Indottrinati all’odio: soldati e coloni israeliani iniziano l’annuale spargimento di sangue durante il Ramadan
Lasciato a sè stesso, Israele continuerà sulla via della violenza e della distruzione fino a quando Al-Aqsa non verrà bruciata e al suo posto verrà eretto un cosiddetto tempio ebraico.
Fonte: english version
Di Miko Peled – 18 aprile 2022
Immagine di copertina: Le truppe israeliane puntano le loro armi contro i fedeli palestinesi nella Moschea di Al-Aqsa nella città vecchia di Gerusalemme, 15 aprile 2022. Mahmoud Illean | AP
GERUSALEMME, PALESTINA – Siamo appena a metà del mese di Ramadan e già il bilancio è andato oltre i 20 palestinesi uccisi e innumerevoli feriti.

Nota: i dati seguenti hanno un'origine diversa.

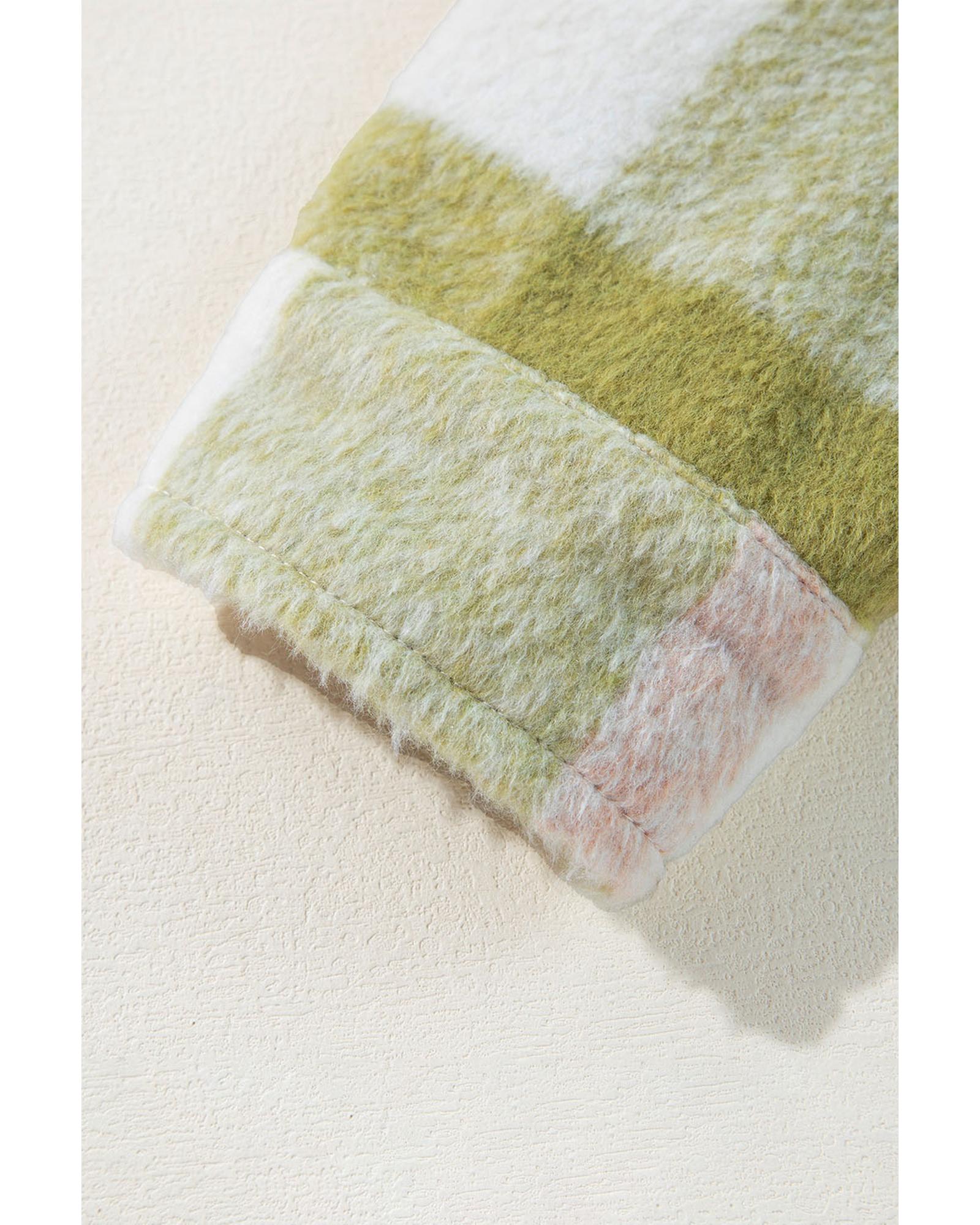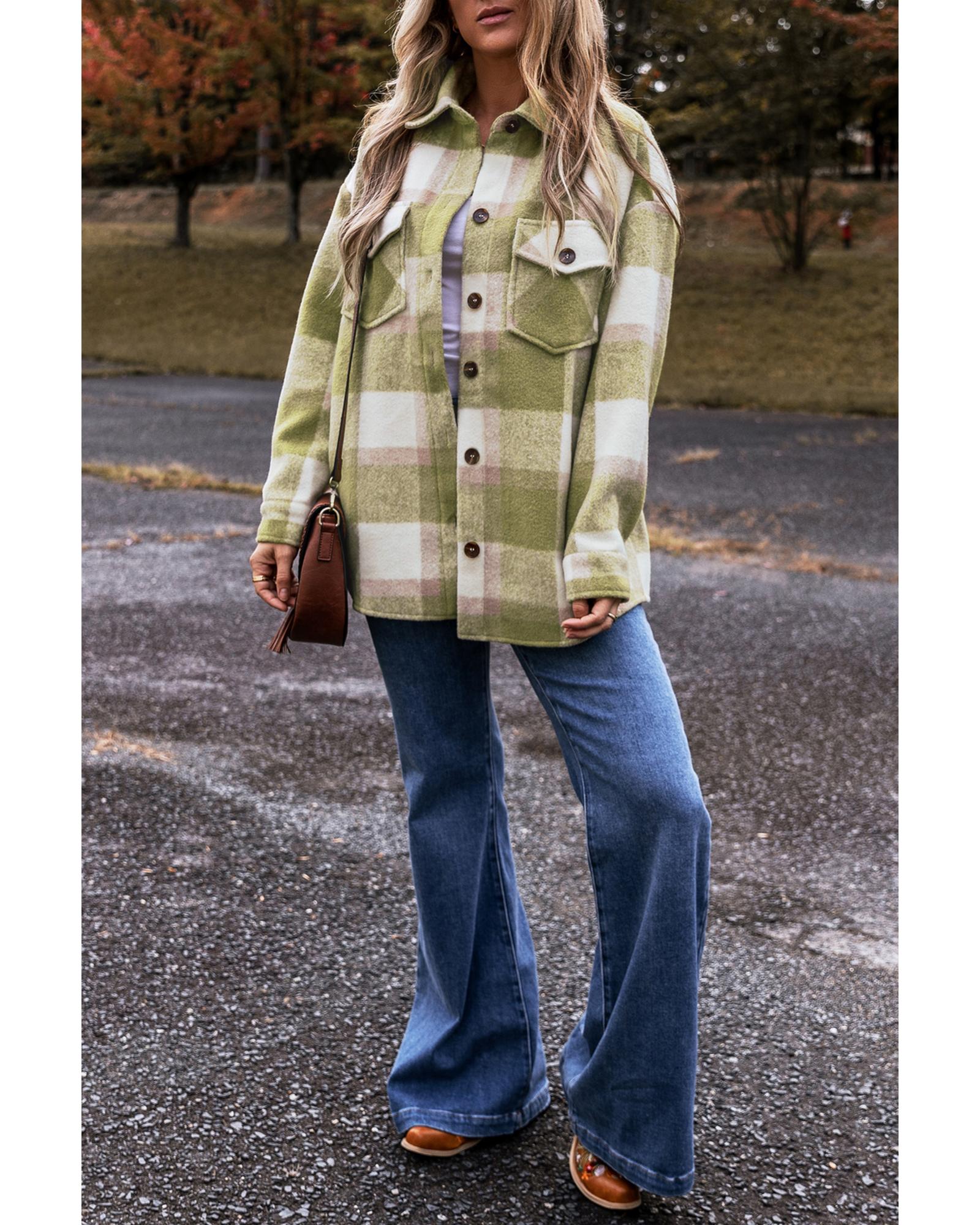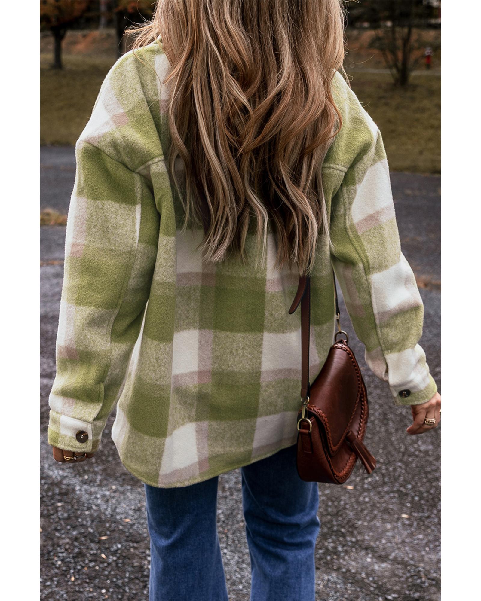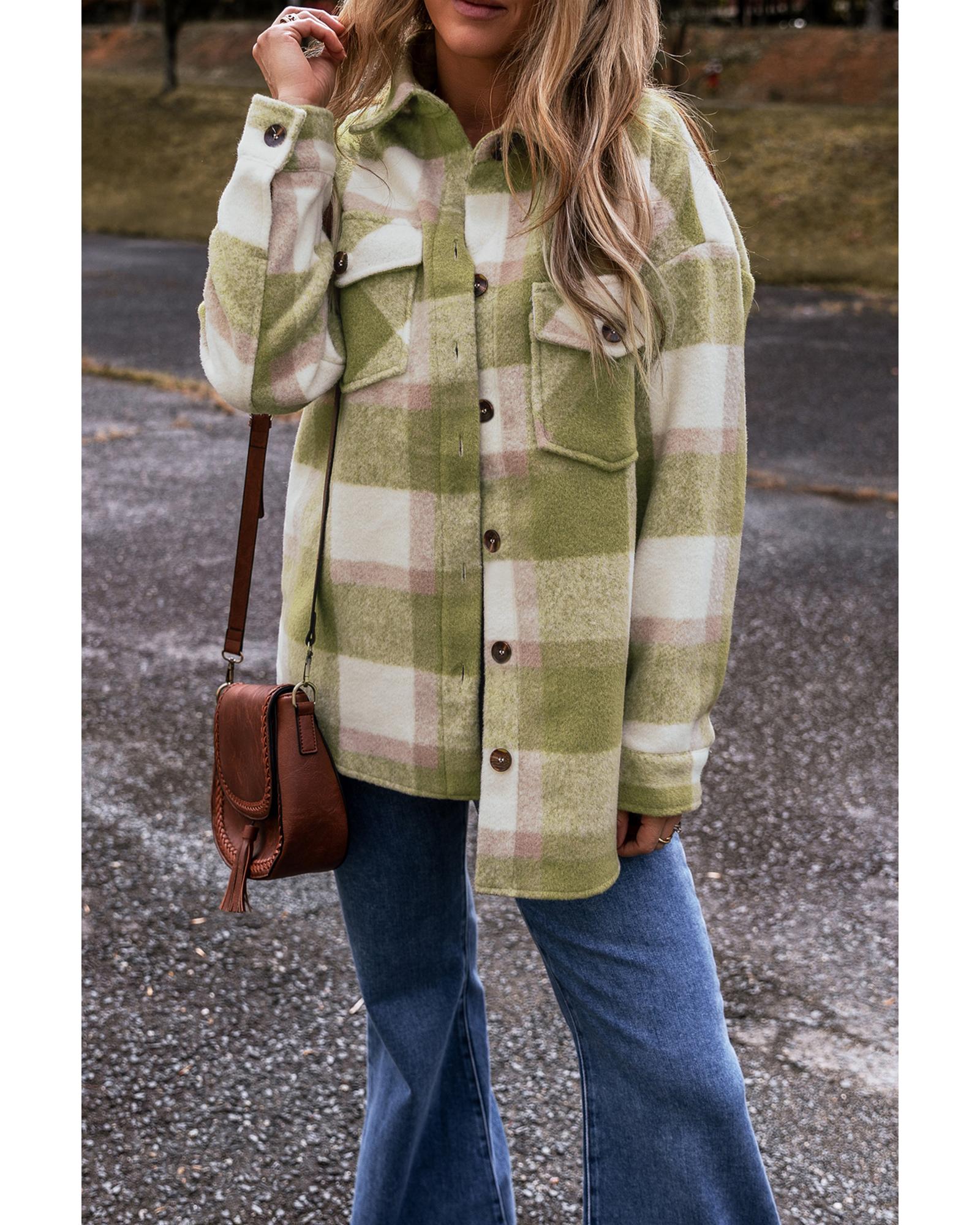 Sage Green Plaid Print Buttoned Flap Pockets Baggy Shacket – S

La Moschea di Al-Aqsa è stata perquisita e le immagini della polizia israeliana militarizzata che assalta il luogo di preghiera, picchia e spara indiscriminatamente ai fedeli, dimostrano ciò che era chiaro fin dall’inizio: Israele vuole che questo mese sia il più sanguinoso possibile per i palestinesi. Ci deve essere qualcuno tra i decisori israeliani che crede che versare infinite quantità di sangue palestinese e dissacrare Al-Aqsa soddisferà la bestia dell’opinione pubblica israeliana. La storia ha dimostrato che quel qualcuno ha torto.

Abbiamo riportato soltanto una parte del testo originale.